He says only 7% of the registered sales of apartments older than three years on Beach Road have during 2010 been for less than present comparative property values per sqm – a sign of a solid market that escaped the storms of 2008/9 relatively unscathed.
“The availability and affordability of credit coupled with the surplus of available new development apartments on Beach Road since 2007 had suppressed capital growth during 2008 to 2010. According to CMA Info, there had been 46 sales in Strand Beach Road during 2008 - that is about four sales per month.”
The volume of sales, however (excluding inheritance), during 2009 grew to 86 transactions of which 25 were new developments and 61 were older complexes.
Excluding all new developments registered in the Deeds Office, there was still a growth in sales volume of about 37% from 2008 to 2009 on Strand Beach Road - totally contrary to statistics from SAPTG which indicate that nationally sectional title (apartment) property priced between R300k to R5m reported an overall decline of 39% in transfers between 2008 and 2009.
The average price per sqm for the 61 registered sales in 2009 for all apartments older than four years on Strand Beach Road (i.e. excluding the new developments which occurred at a higher average price per sq/m) was about R12,900/sqm whilst the new developments registered average prices in 2009 was R17,725/sqm.
The first semester of 2010 has seen a continuation of the growing sales trend on Strand Beach Road with 41 sales being registered according to SAPTG in the Deeds Office of which 14 were new developments built since 2008 (e.g. Hibernian Towers and Topaz).
The average price per sqm for the registered sales in the first semester of 2010 for all apartments older than four years on Strand Beach Road (i.e. excluding the new developments) was about R13,462/sqm.

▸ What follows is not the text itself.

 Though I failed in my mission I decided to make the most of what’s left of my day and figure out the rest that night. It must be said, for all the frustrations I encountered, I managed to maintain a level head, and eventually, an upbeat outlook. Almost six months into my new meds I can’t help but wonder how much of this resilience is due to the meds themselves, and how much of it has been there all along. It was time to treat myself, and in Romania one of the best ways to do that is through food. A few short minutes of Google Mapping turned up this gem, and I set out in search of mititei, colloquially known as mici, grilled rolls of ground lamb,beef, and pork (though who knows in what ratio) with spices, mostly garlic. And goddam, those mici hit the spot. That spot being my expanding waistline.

The new developments average registered prices in 2010 have been ranging between R12,686/sqm for Ocean View to R23,225/sqm for Topaz.He says total registered sales for the first semester of 2010 for the 4 new developments on Strand Beach Road had been R30,524,151 at an average of R15,439 for the 1977sqm sold. That is about 13% lower than the average registered sales prices achieved for new developments during 2009 of R17,725 per sqm.
Interestingly enough, there has only been about a 13% difference in average prices obtained (registered) between older apartments and new developments (less than four years old) during 2010. The present price structure of Beach Road properties can be roughly categorised in different groups according to "age, finishes and size".
The smaller the apartment, the higher the price achieved per sqm. The quality of sea view also has a big effect on the property’s value.Prices obtained in 2008 varied between R7,600/sqm (Strandsig) to R24,700/sqm (Cape Sands). The apartment prices in 2009 varied between R8,500 per sqm (Welgelegen and Jacomahof) to R23,900 per sqm (Hibernian Towers). Beach front apartments were selling in 2003 from about R6k/sqm to about R9k per sqm.
Beach Road property in general has not been subjected to the same forces which have been experienced in e.g. the buy-to let investor property sectors where capital growth has seen fairly substantial drops. The growing foreclosure or bank repossessions trend created during 2008/9 and during the first semester of 2010 effected a strong downward pressure on prices obtained in the buy-to-let property market.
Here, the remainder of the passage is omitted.